Ice ages come and ice ages go. Every 100,000 years or so there has been a predictable warming period during which polar glaciers melt and sea levels rise. Then another ice age arrives and the process repeats.
There are more than 30 theories as to what is behind these shifts, but a pair of Woods Hole and MIT
climatologists may have worked out the final answer. Peter Huybers and Carl Wunsch compared the timing of the last seven thaws, as determined from sediment records, with previously calculated changes in Earth’s orbit. They found that the planet’s slant has a major impact. “Earth is tilted on its axis, but it’s not always the exact same tilt,” explains Huybers.

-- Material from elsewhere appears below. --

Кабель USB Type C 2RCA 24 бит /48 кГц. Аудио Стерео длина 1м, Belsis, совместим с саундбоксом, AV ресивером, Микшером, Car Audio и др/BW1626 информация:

The axis goes up and down a few degrees in 40,000-year cycles. “When the tilt is at its highest, more sunlight hits the higher latitudes, melting the ice.”
How does that account for ice ages every 100,000 years? “What we think is happening is that the glaciers have to get large enough for the increased sunlight to have an effect, so the thaws happen every second or third cycle, which would average out to 100,000 years,” Huybers says. “This makes sense because if you go back another million years, ice ages were occurring every 40,000 years.” Earth has cooled since then, allowing the cycle to skip a beat.
Could the cycles help explain today’s global warming? Not really, says Huybers. “Global warming is a very recent phenomenon, and the last big thaw was only 20,000 years ago, so if anything we should be heading toward another ice age.”